Google History - Now Google Knows You Better Than You Do
Confused about your personality traits? Need to feel important? On a quest to find the unique you?
Who can you go to for advice.. someone who knows more about you than you do?
Well, Google of course. Silly me, this should have been rather obvious!
With Google Web History, now Google knows more about you than you want to know yourself. In fact, it’s now easier than ever before to put your entire life details in a binary data file in a remote server miles away from home, and leave the tedious management work to someone else.
Ok, maybe I’m exaggerating. But Google says they want to “organize the world’s information” and that’s exactly what they are doing.
According to Google…
With Web History, you’ll be able to:
- View and manage your web activity.
You know that great web site you saw online and now can’t find? From now on, you can. With Web History, you can view and search across the full text of the pages you’ve visited, including Google searches, web pages, images, videos and news stories. You can also manage your web activity and remove items from your web history at any time.- Get the search results most relevant to you.
Web History helps deliver more personalized search results based on what you’ve searched for on Google and which sites you’ve visited. You might not notice a big impact on your search results early on, but they should steadily improve over time as you use Web History.- Follow interesting trends in your web activity.
Which sites do you visit frequently?
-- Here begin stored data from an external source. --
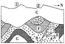4、单选题 下图为某地区地质剖面图,其中C为沉积物,B、F、G为沉积岩,A、D为不同时期的岩浆岩,E为变质岩。读图完成下列各题。
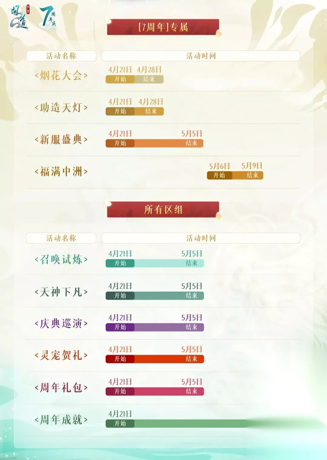 问道手游七周年礼包码最新 mWJl2022 mWJl2023 mWJl88888 mWJl66666 mWJl77777 DZFZH666 DZFZH888 DZFZH999 VIP666 VIP888 VIP999 问道手游七周年兑换码礼包码 问道手游官服礼包兑换码放送:七周年快乐、问道七周年、我爱问道、应龙777、青鸾777!这些礼包码均可全服使用,2023年9月1日前有效! *注意:一个区同一账号下只能有一个角色领取哦~ 先来一张7周年活动总览,所有活动安排一张图尽收眼底: 再来一张重磅活动汇总,能够获得神兽、变异、7周年纪念宠碎片的活动都在这儿啦:
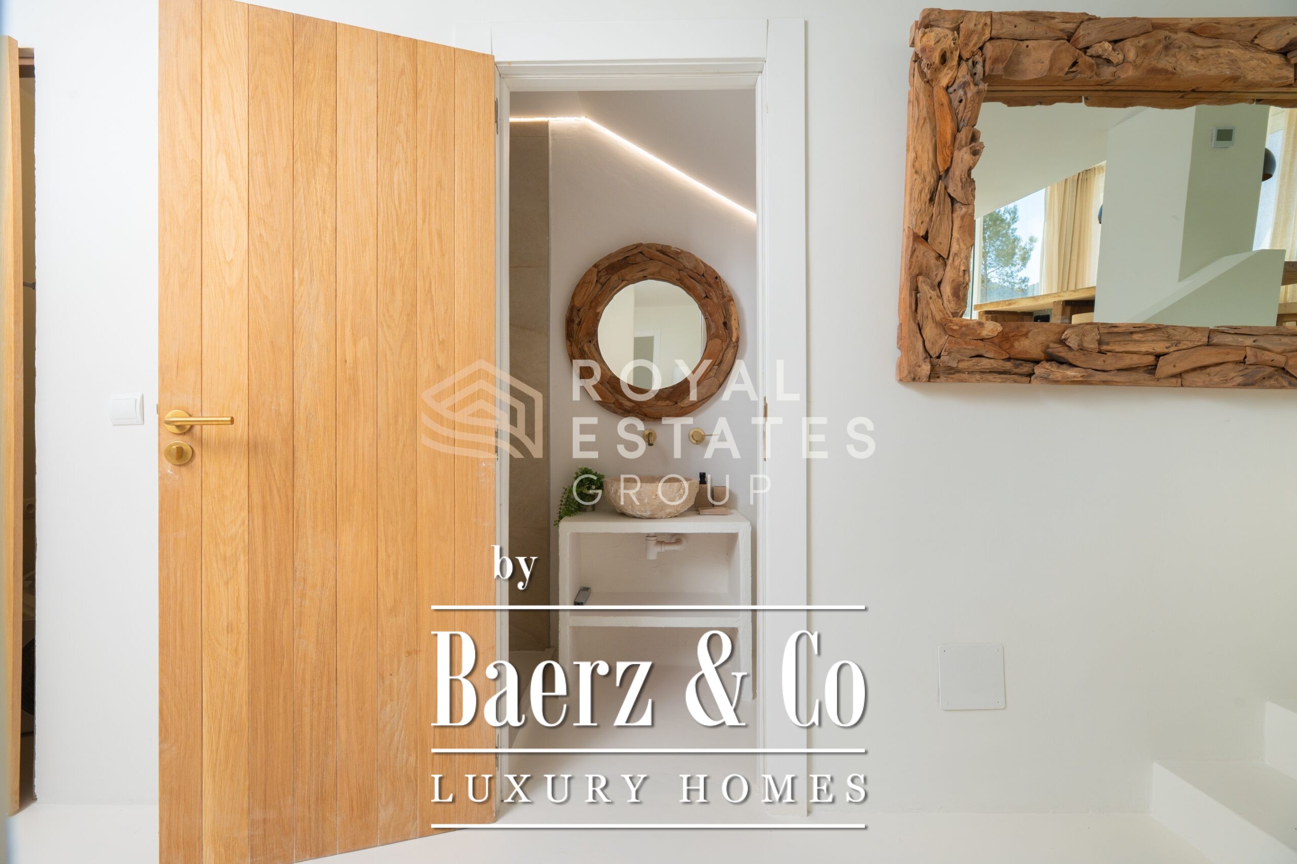 The main villa encompasses four bedrooms and three bathrooms, creating a purposeful balance between family living and guest accommodation. Expansive windows fill the interiors with light, fostering a seamless connection to the outdoors. Underfloor heating and air conditioning support comfort throughout the year. Refined amenities such as an indoor gym, sauna, jacuzzi, and a 20 m² wine cellar further define the experience, while technical features include solar panels, a 32 kW battery system, and a water tank from a shared natural source.
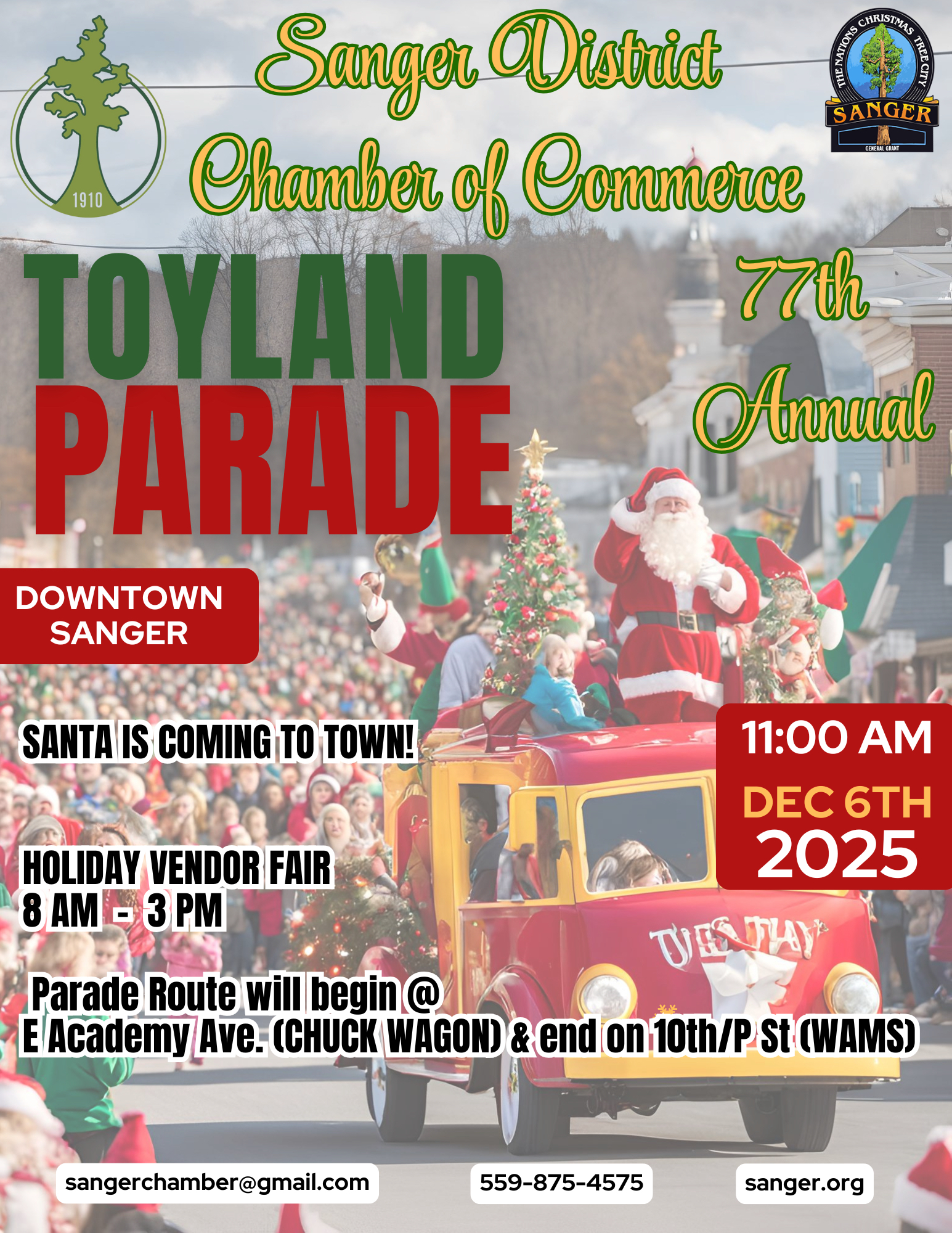 December 3 @ 5:00 pm - 8:00 pm 42nd Annual Christmas Tree Lighting Brehler Square 7th & N St., Sanger , CA, United States

How many searches did you do between 10 a.m. and 2 p.m.? Web History can tell you about these and other interesting trends on your web activity.
After checking my own file, I decided it was “safe” enough to show you a sample.
Summary of my Internet activity:

Things I searched for, and things other people searched for before finding my sites:

And, the real kicker, Adwords ads that I’ve clicked on:

My oh my…
How does Google do this?
According to Gord Hotchkiss:
In a nutshell, it will take the information gathered through the Google toolbar and use that, in combination with your search history, to personalize your search results. Up till now only your past search history was used. Enabling Web history, which is what Google is calling this, is very much a “opt in” process. Google wants to get a small beta test bed of users so they can get a data set large enough to let Sep Kamvar, the person behind Google’s personalization algorithm, see what he can do with this additional rich set of data. Marissa indicated that this would increase the transparency of the data that Google was collecting about you.